▶ **PROBLEM TO WORK ON**
The first line of the entries and each line after it, through the one that contains "Then, we focused", are to be duplicated exactly; no picture belongs in the copy.

▶ **DATA EXTRACT**
##########

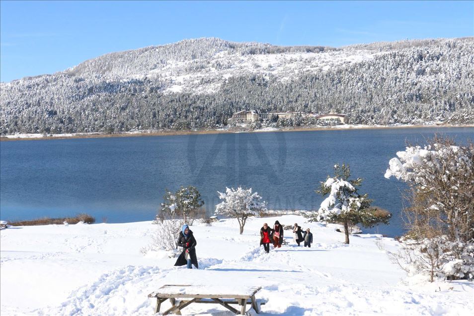 Öte yandan yeni yılın ilk hafta sonunda Abant Tabiat Parkı'na gelen tatilciler ise vakitlerini kar kalınlığının 50 santimetreyi bulduğu göl çevresinde yürüyüş yaparak geçirdi.
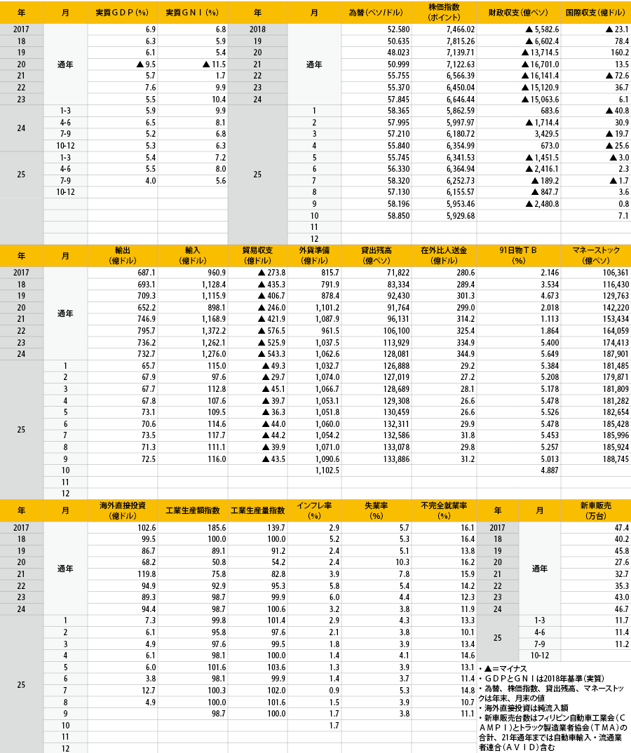 政府発表などを基に貿易額、OFW送金額、失業率、新車販売台数といった主要経済指標を最終水曜日に更新する。
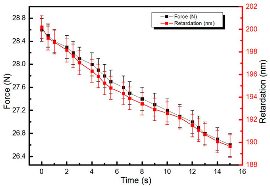 Then, we focused on one spot at the initial stretching force of 28.6 N (stress is around 114 MPa) and monitored the variation against time. The result is plotted in Figure 6 in which the black line refers to the force variation and the red line represents the retardation value variation. It seems that the stress relaxation speed of the uniaxially stretched PI membrane reaches 0.5 MPa/s. We also notice that the black line almost overlaps with the red line, which indicates that the photoelastic coefficient of the PI membrane does not change with stretching force in the tested range.
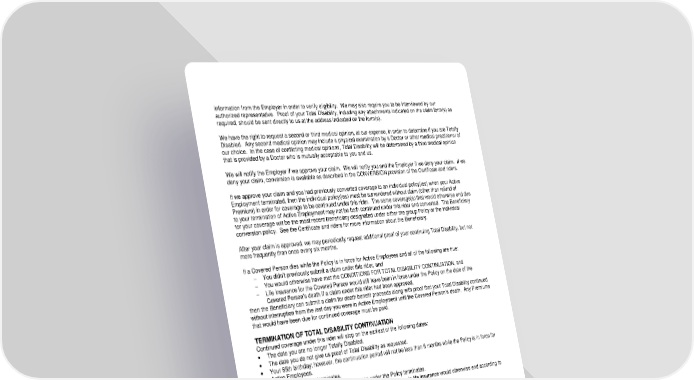 ICC18 LR14GP-CTD-2 3 CTD-12995 (11/25) information from the Employer in order to verify eligibility. We may also require you to be interviewed by our authorized representative. Proof of your Total Disability, including any attachments indicated on the claim form(s) as required, should be sent directly to us at the address indicated on the form(s). We have the right to request a second or third medical opinion, at our expense, in order to determine if you are Totally Disabled. Any second medical opinion may include a physical examination by a Doctor or other medical practitioner of our choice. In the case of conflicting medical opinions, Total Disability will be determined by a third medical opinion that is provided by a Doctor who is mutually acceptable to you and us. We will notify the Employer if we approve your claim. We will notify you and the Employer if we deny your claim. If we deny your claim, conversion is available as described in the CONVERSION provision of the Certificate and riders. If we approve your claim and you had previously converted coverage to an individual policy(ies) when your Active Employment terminated, then the individual policy(ies) must be surrendered without claim (other than refund of Premium) in order for coverage to be continued under this rider. The same coverage(s) that would otherwise end due to your termination of Active Employment may not be both continued under this rider and converted. The Beneficiary for your coverage will be the most recent Beneficiary designated under either the group Policy or the individual conversion policy. See the Certificate and riders for more information about the Beneficiary. After your claim is approved, we may periodically request additional proof of your continuing Total Disability, but not more frequently than once every six months. If a Covered Person dies while the Policy is in force for Active Employees and all of the following are true: You didn’t previously submit a claim under this rider, and You would otherwise have met the CONDITIONS FOR TOTAL DISABILITY CONTINUATION, and Life insurance for the Covered Person would still have been in force under the Policy on the date of the Covered Person’s death if a claim under this rider had been approved, then the Beneficiary can submit a claim for death benefit proceeds along with proof that your Total Disability continued without interruption from the last day you were in Active Employment until the Covered Person’s death. Any Premiums that would have been due for continued coverage must be paid. TERMINATION OF TOTAL DISABILITY CONTINUATION Continued coverage under this rider will stop on the earliest of the following dates: The date you are no longer Totally Disabled. The date you do not give us proof of Total Disability as requested. Your 65th birthday; however, the continuation period will not be less than 6 months while the Policy is in force for Active Employees. The date the Policy terminates. The date coverage for all Active Employees under the Policy terminates. For your Spouse and Children’s coverage, the date that person’s life insurance would otherwise end according to the terms of the rider(s). If coverage is no longer continued under this rider, insurance under the Policy will stay in force only if all of the following conditions are met: Life insurance is in force for Active Employees under the Policy, and You are in an eligible class for coverage under the Policy, and Your Premium payments are continued. The amount of insurance will be subject to the Certificate and riders in effect on the date you become eligible as an Active Employee. You will not be eligible for portability under the Portability Rider on the date continued coverage under this rider terminates.
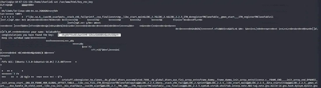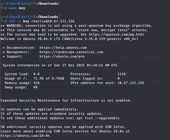 There’s an SSH private key in Charlie’s home directory that we can use to get a nicer shell on the box as well as grab the user.txt flag. Be sure to chmod 700 the key file.
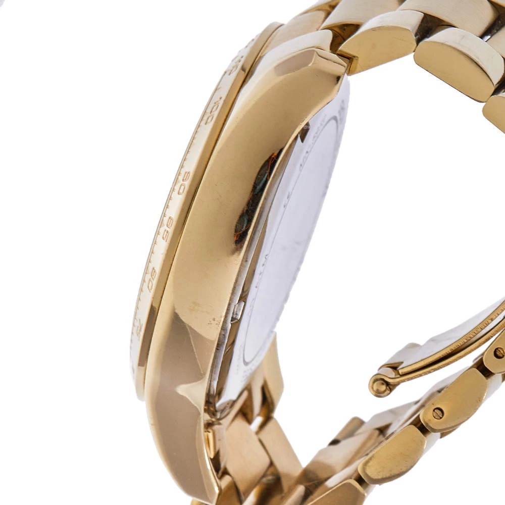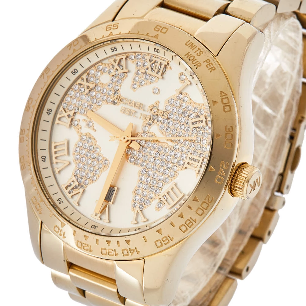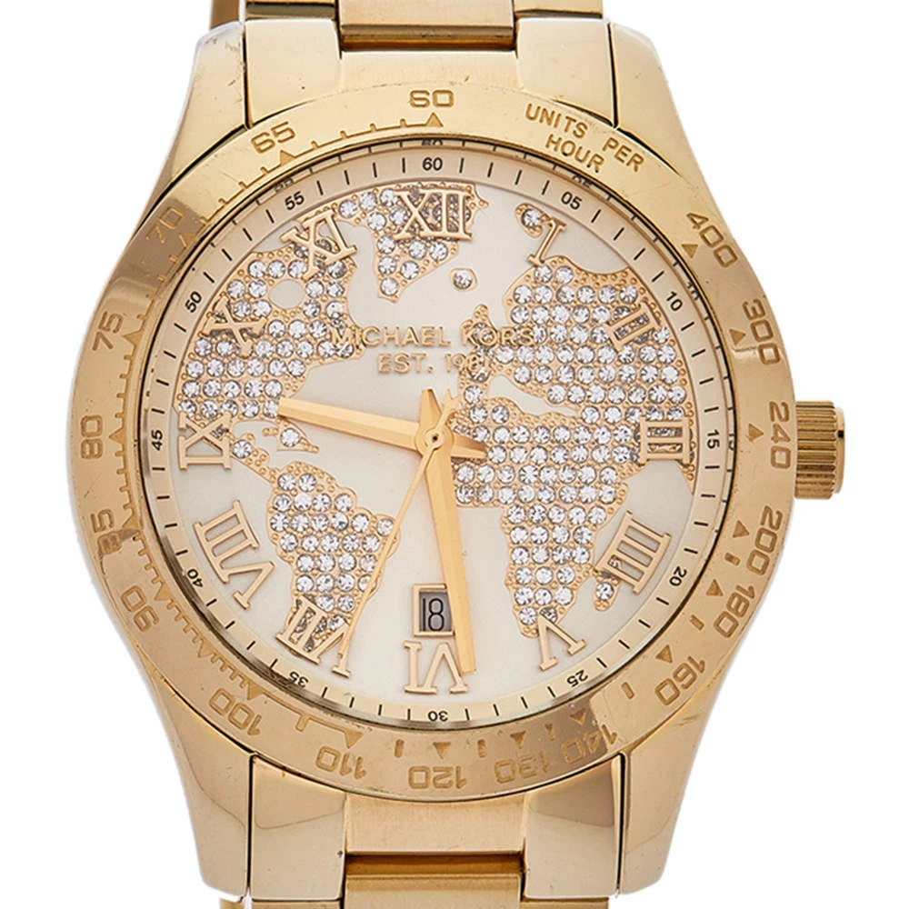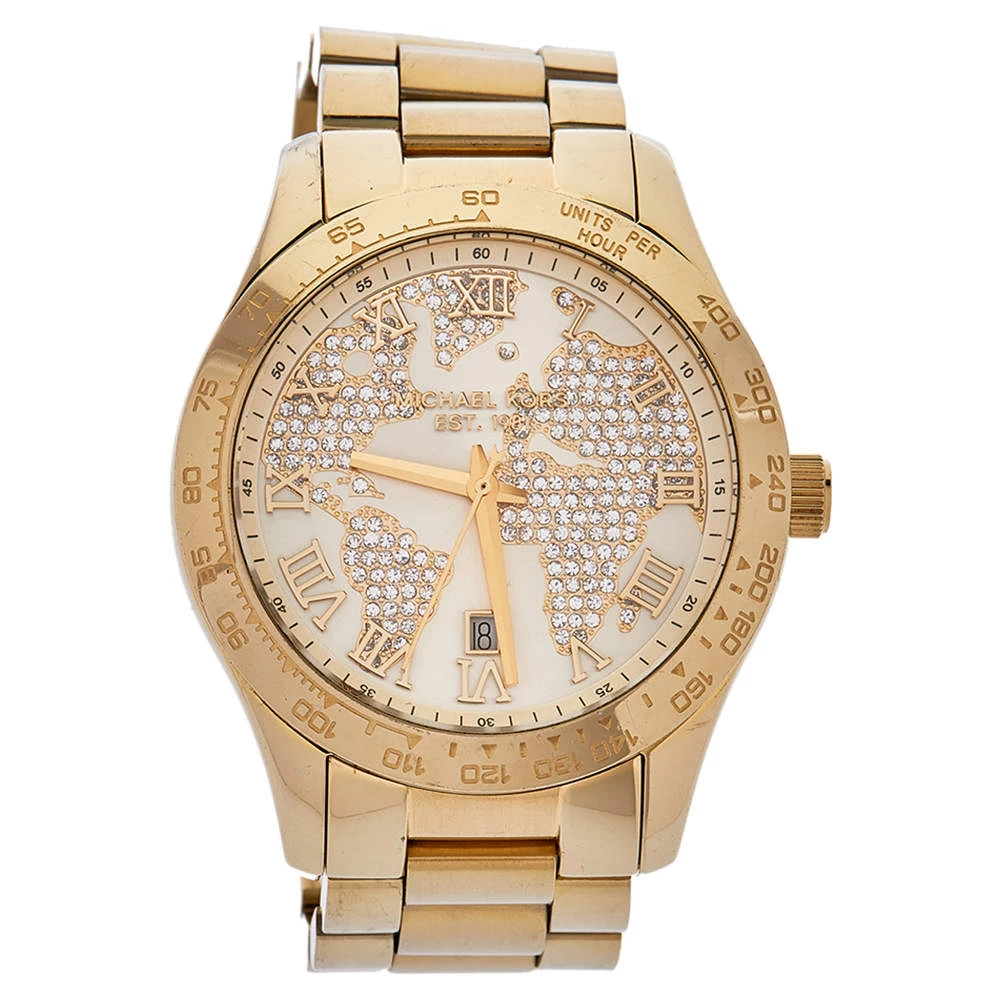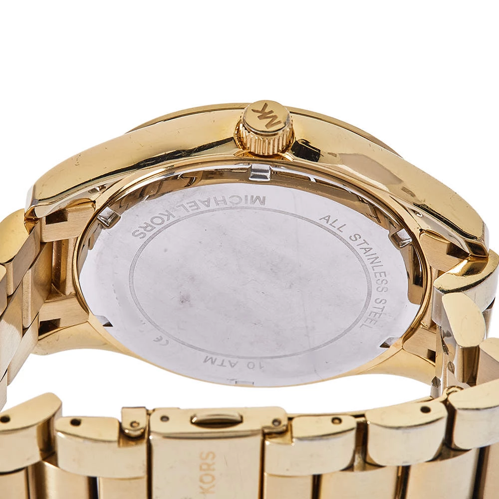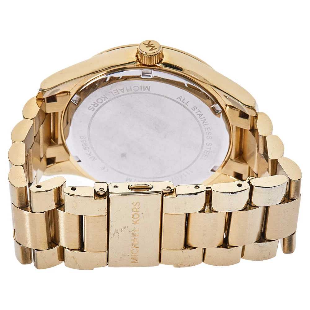 Michael Kors’ Layton MK5959 is a fine watch for everyday use. Designed using gold-tone stainless steel, the round-shaped case has a crystal-embellished dial accompanied by Roman numeral hour markers, three hands, and a date window. It is complete with a comfortable bracelet.
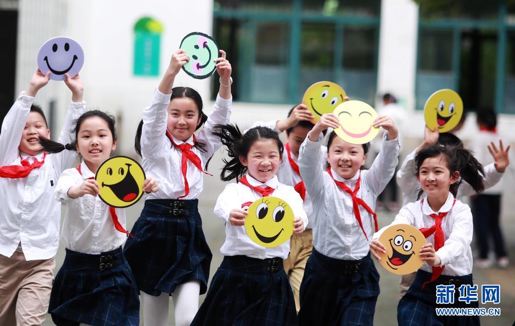5月7日,江蘇省揚(yáng)州市汶河小學(xué)的學(xué)生們?cè)凇靶τ澜缥⑿θ铡被顒?dòng)中手舉笑臉卡做游戲。世界精神衛(wèi)生組織將每年的5月8日定為“世界微笑日”,希望通過(guò)微笑促進(jìn)人類身心健康,增進(jìn)社會(huì)和諧。新華社發(fā)(孟德龍 攝)
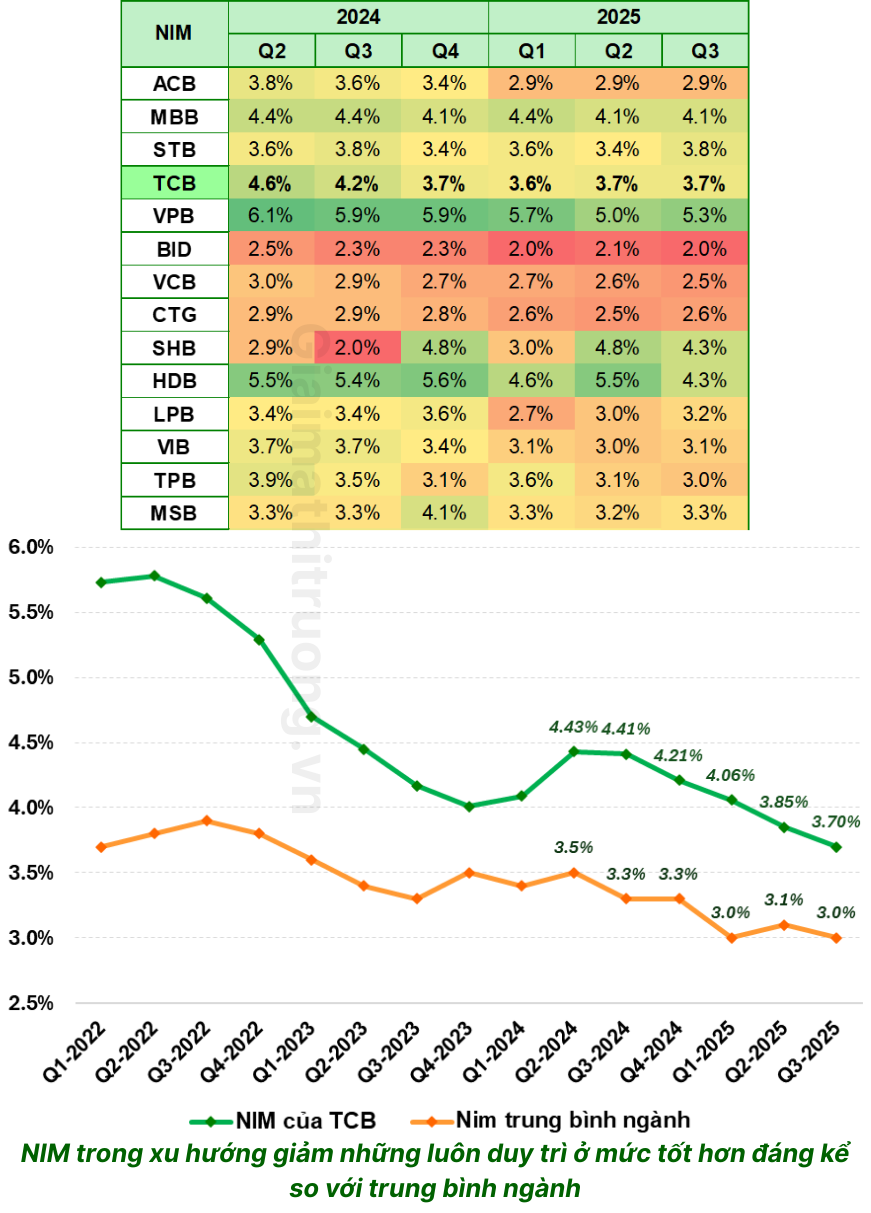 • NIM đạt khoảng 3,7%: đã giảm so với đỉnh 2020–2022 nhưng vẫn cao hơn đáng kể so với trung bình ngành (khoảng 3%)
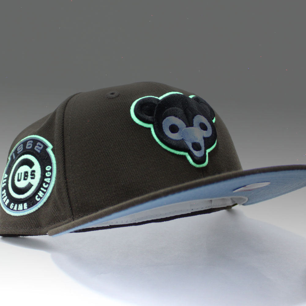 Chicago Cubs 1962 All Star Game New Era 59Fifty Fitted Hat (Glow in the Dark Walnut Sky Blue Under Brim)
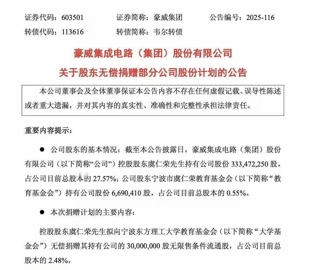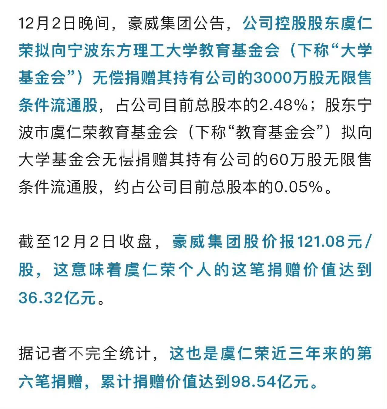 36亿宁波东方理工大学再获捐赠 36亿💰宁波东方理工大学再获捐赠‼️又是他🤩哇塞“芯片首富”虞仁荣又捐赠了‼️据豪威集团公告显示控股股东虞仁荣拟再次向宁波东方理工大学捐赠股份3000万股按12月2日股价计算这笔捐赠价值近36.32亿元💰这已经是虞仁荣近三年来第六次大手笔捐赠了累计捐了快100亿宁波东方理工大学本就是他发起捐资创办的创新型大学🏫总投资460亿从创校到现在持续输血真的太有社会责任感了不愧是宁波骄傲👍浙商骄傲👍同城热点创作计划

##########

▶ **ANSWER SPACE**
 Öte yandan yeni yılın ilk hafta sonunda Abant Tabiat Parkı'na gelen tatilciler ise vakitlerini kar kalınlığının 50 santimetreyi bulduğu göl çevresinde yürüyüş yaparak geçirdi.
 政府発表などを基に貿易額、OFW送金額、失業率、新車販売台数といった主要経済指標を最終水曜日に更新する。
 Then, we focused on one spot at the initial stretching force of 28.6 N (stress is around 114 MPa) and monitored the variation against time. The result is plotted in Figure 6 in which the black line refers to the force variation and the red line represents the retardation value variation. It seems that the stress relaxation speed of the uniaxially stretched PI membrane reaches 0.5 MPa/s. We also notice that the black line almost overlaps with the red line, which indicates that the photoelastic coefficient of the PI membrane does not change with stretching force in the tested range.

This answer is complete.